M3のバージョンはほんと多い。一般に初期型とか後期がとか言ってますが、厳密な区切りはできません。強いて言うなら最初期・初期上・初期下・中期上・中期下・後期上・後期下でしょうか?これも微妙にかぶっていたりして大変だ。ですから、ボディー全体を見て言うよりはスプールだけを見るとか、マウントだけを見るとかした方がいいかもしれません。
番号だけ判断してもいいのですが、当時のライカのメンテナンスで部品交換されてオリジナルを失っているものが多々あります。良くあるものとしては、二重像がノッチ付きに替えられた初期型などです。またメーカーでの交換に限らず、個人レベルで裏蓋が後期にものに替えられたり、スプールがサードパーティーのものになっていたりと、ライカ純血主義者にとっては懸念されることでしょう。
まず最初期型の話。俗に言う700型。これは段付きとか呼ばれるボディーの角がカクッとなっているもの。これはM3が量産型に入る前のものです。№700000~№701000近くまででしょうか。ほんとに初期ロットですね。中には下蓋もカクッとしている超初期型もあります。確認されているこの段付きは700708までは存在します。
このころのスプールは上面にMと矢印が書いてあり、押し込むと固定できるものでした。スプールもいろいろとありますが、矢印が書いているものは固定できます。その後、何も書いてないもの、Mとgermanyと書いているもの、Mだけと順に新しくなっていきます。またフィルムを差し込むところに点々の穴で矢印がありますが、初期のもの(上面に何も書いてないもの)までは矢印が長く、フィルムも途中までしか差し込めません。後期のものは矢印の最後まで差し込めます。これらはボディーナンバーがいついつまでという区切りはありません。ただ、私の持っている№708607では上面に何も書いていないバージョンで。809では上面にMとGermanyのバージョンです。
底蓋のスプールを支える突起は、一段の三角です。
巻き戻し解除レバーは長いバージョンです。これが短くなるのは96万台の最後の方からです。
ストラップの取り付け口はドックイヤーと言われるグッタペルカからボディーのトップカバーにかけての大きいものです。これが後のM2,M4と同じような経常になるのはM2生産開始時期と同じ№963001からです。
裏蓋はボディーに安定できるようになっています。いつの頃からかこれがなくなり、M6に至るまで、裏蓋は底蓋を外したときパカパカします。それから、フィルムを押さえ安定させるプッシュアプレイトはガラスです。これはフィルムとの摩擦で静電気が起こるというので、№856000から金属製に変更されました。
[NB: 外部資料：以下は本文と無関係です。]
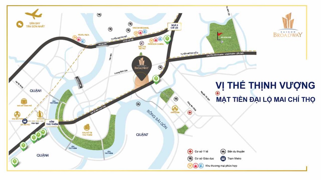 Tọa lạc ngay tại mặt tiền của đại lộ Mai Chí Thọ và gần trạm dừng Ga Bình Khánh của tuyến Metro số 2, dự án Sài Gòn Broadway mang lại tiềm năng sinh lời vượt trội cho các nhà đầu tư trong tương lai.

巻き上げレバーは短いです。長くなるのはシャッター系列が倍数になると同じ、№854001からです。また、レバーのすぐ下のリングはありません。巻き上げはスプリングと呼ばれる大変なめらかな2回巻き。ライカの巻き上げここに極まる。96万代後半からラチェットなってしまう。このラチェットは後のM型すべてがそうです。残念。
フィルムカウンターの指標は▼です。
フィルムレールは2本です。後は3本。
巻き戻しノブの中央指標は棒線です。これは後に赤点になり、カニ目の太いものになります。
シャッターダイヤルは国際表示です。つまりはB.1.2.5.10.25.50.100.200.500.1000です。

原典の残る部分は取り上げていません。